Andy wanted D Mac to not tell him how to think about things, but to use more connotation, more subtlety. I wonder if the father is guiding his son in a gospel oriented manner. It sounds to me more like he wants external conformity from his son, like most of us can fall into. What is your objective for writing this? How are you going to resolve this? How is this a critical stage in the rising confrontation and final resolution? The father wants his son to keep the Sabbath, to know the will of the Lord, but there is such a relentless tendency in every generation to prefer legalism (so tidy) over grace (so messy). Unless this is a story about the need for a father to lead his son past the means of grace to the Object of grace, Jesus Christ himself (it makes sense for there to be significant needs both the father and the son have here: both need to reembrace the gospel, look to Jesus the author and perfecter of faith) The father should want his son to believe the gospel, to see the stupendous wonder of Christ and his cross and righteousness. Granted, this is difficult and most often done in a cheesy fashion that diminishes the very thing we want to accomplish, or should want to accomplish. Nevertheless, there are real and reoccurring challenges for kids who grow up in Christian homes. Miss this, fail to confront this, or ignore it, or fail to get down to the genuine issue at stake for a teen who is wondering whether it is all true, and maybe wondering what it actually is, and you relegate your writing to irrelevance. None of us wants to write material that doesn't actually get down to the heart of conflict, and the heart of conflict is always at its root conflict between our proud hearts and the gospel. We and our kids are hell bent on not making the main thing the main thing. Show us this. Make it real, the conflict, and then you can resolve it in the only way conflict can be resolved.

Incidently, our critiques at 'Blots are not just about semi colon use, or attributions, or style, or getting certain facts correct; I think the strength of 'Blots is that we can critique the whole story, get down to the heart of our characters, keep the main thing the main thing in our writing.
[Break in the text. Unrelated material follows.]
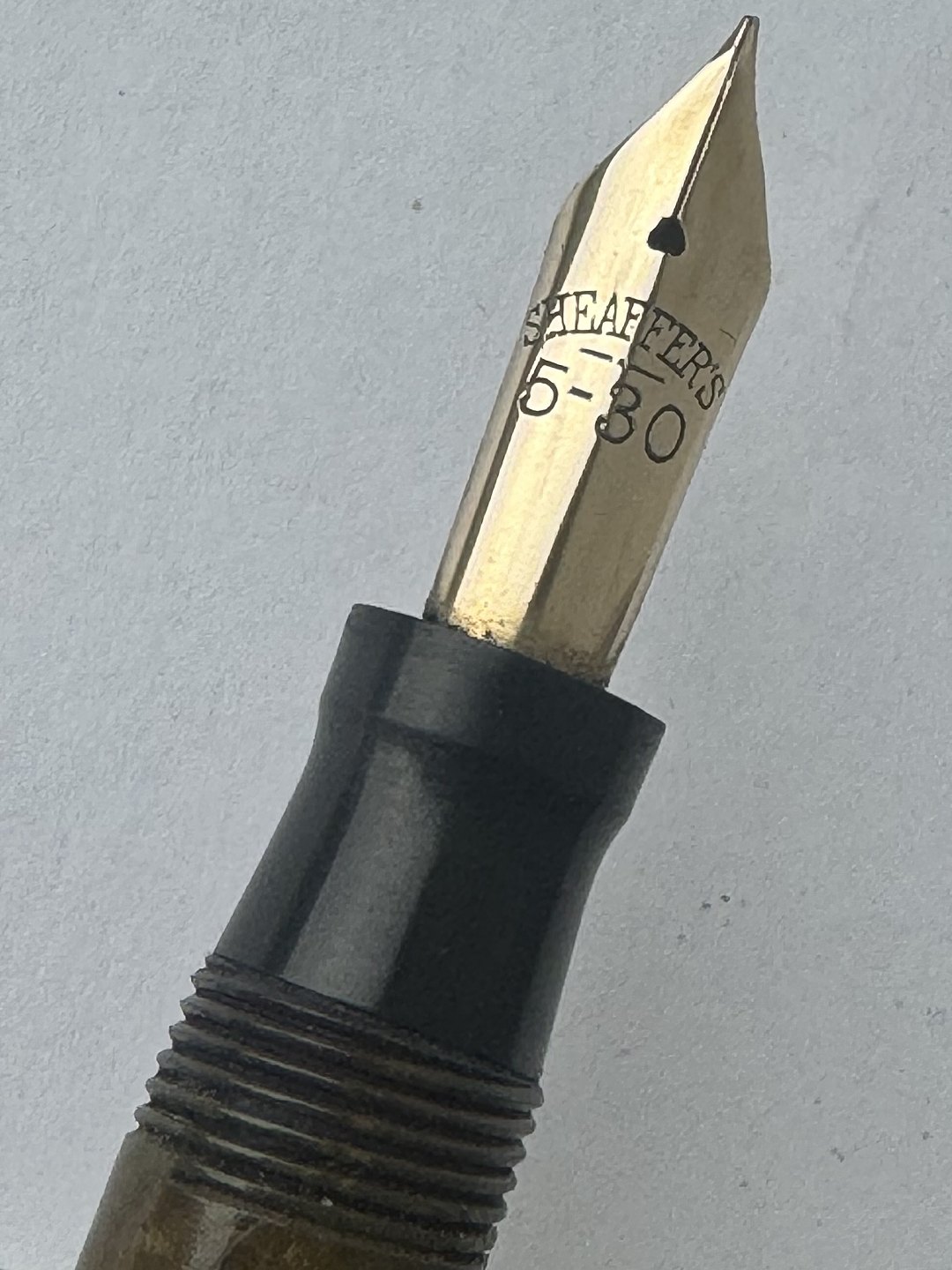 Beskrivelse: Kort Sheaffer’s fyldepen med lever filler. Monteret lille øsken øverst på hætten. Før end fyldepennen igen fungerer skal der indsættes en ny gummisæk, så blæk kan påfyldes. Fremstår ellers i fin stand med alle originale Sheaffer’s dele. Length: 11,8 cm

John read his charming French Cousins tale, written so warmly for his grandchildren. This is a great illustration of how audience effects our voice in our  writing. I can hear and feel John writing this with love for his dear grandchildren who live thousands of miles apart on differenct continents. Great improvement on bringing the kids' voices into the story in dialog. keep writing on this project. Great potential for a wide audience.
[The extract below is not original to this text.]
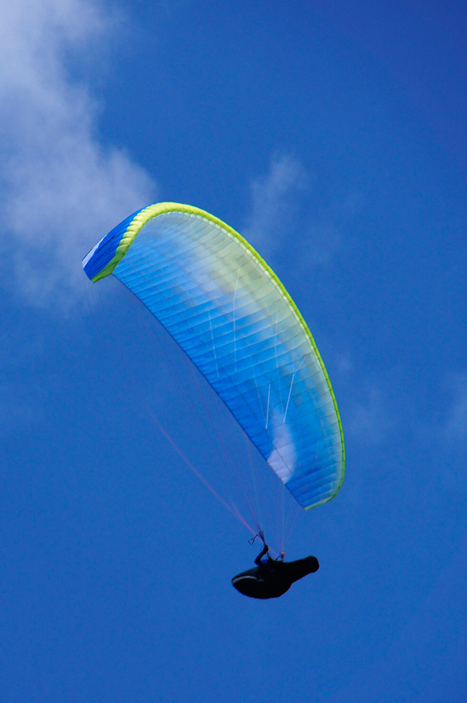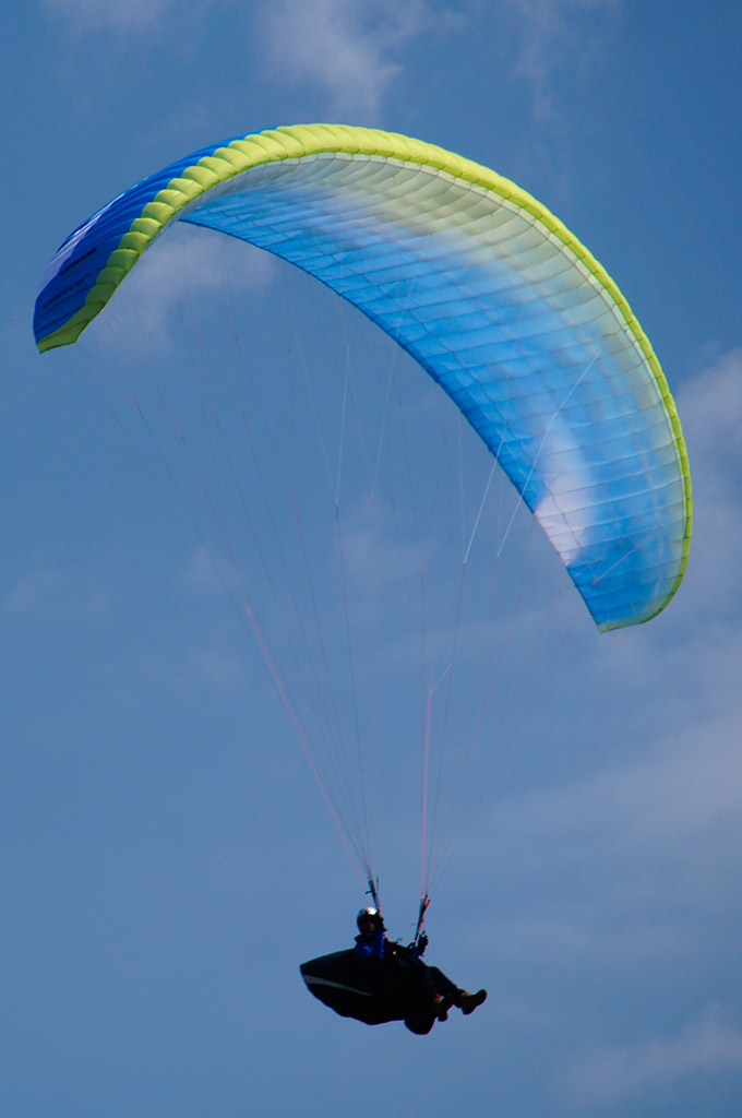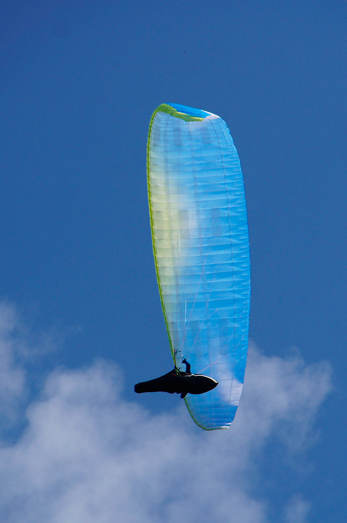 С углом планирования, аэродинамическими качеством и прочими глайдами у Комета дело обстоит не хуже. Сильный встречный ветер, который обычно «придавливает» к горе технику класса «интермедиат», для Комета не становится ограничением — высокая скорость нашего подопытного приятно сочетается с неожиданно высоким глайдом, позволяя резво убегать от горы против ветра без сильной потери высоты. Может, Комету и не по силам превзойти некоторые аппараты, относящиеся к EN B сугубо формально (в первую очередь речь о GIN Carrera), но такое сравнение некорректно. Забегая вперёд, скажу, что по комфорту и пассивной безопасности Комет пусть с некоторым трудом, но укладывается в русло философии класса «интермедиат». Значит, сравнивать его надо не с Каррерой, а с изделиями вроде Skywalk Chili 3 или Swing Mistral 7 — и при таком сравнении Комет оказывается практически вне конкуренции.

Next I read from the opening of a new nonfiction book proposal I have made to both P&R and Ligonier, with interest from both. It opens on my visit to Amsterdam in 2007 and a disturbing unplanned encounter that set me trying to sort out why there is the historical undulation in the church. D Mac thought I should return to the recent growth and progress of the gospel in Uganda, a good idea I might save for the end of the last chapter, inclusio fashion. A few criticisms of using cliches. Gag me with a spoon! Me use cliches? I'd rather drop dead, slip on a banana peel, fall off a log than stoop to using cliches. 

Tom read an autobiographical fiction piece he is working on--out of the furnace. John said the opening description of his pre-Christian affair with a woman made him uncomfortable. Tom pushed back (we all do this at times, don't we). I suggested Tom read the Bible's accounts of immorality and follow the divine author's lead on how we portray evil. I also suggested Tom read Samuel Johnson's Rambler 4: "Evil must never be portrayed promiscuously but must always disgust + -" D Mac thought it might help Tom to read Flannery O'Conner's Good Country People (discussed in previous 'Blots) where she has a seduction scene that never crosses the line into being titillating, never woos a reader into longing for the sin. 


Dave wrapped up with a reading of the rewrite of chapter one on a new assassin thriller he is engaged in writing. We had previously felt there needed to be more human quality to the protagonist and first person point of view in the tale.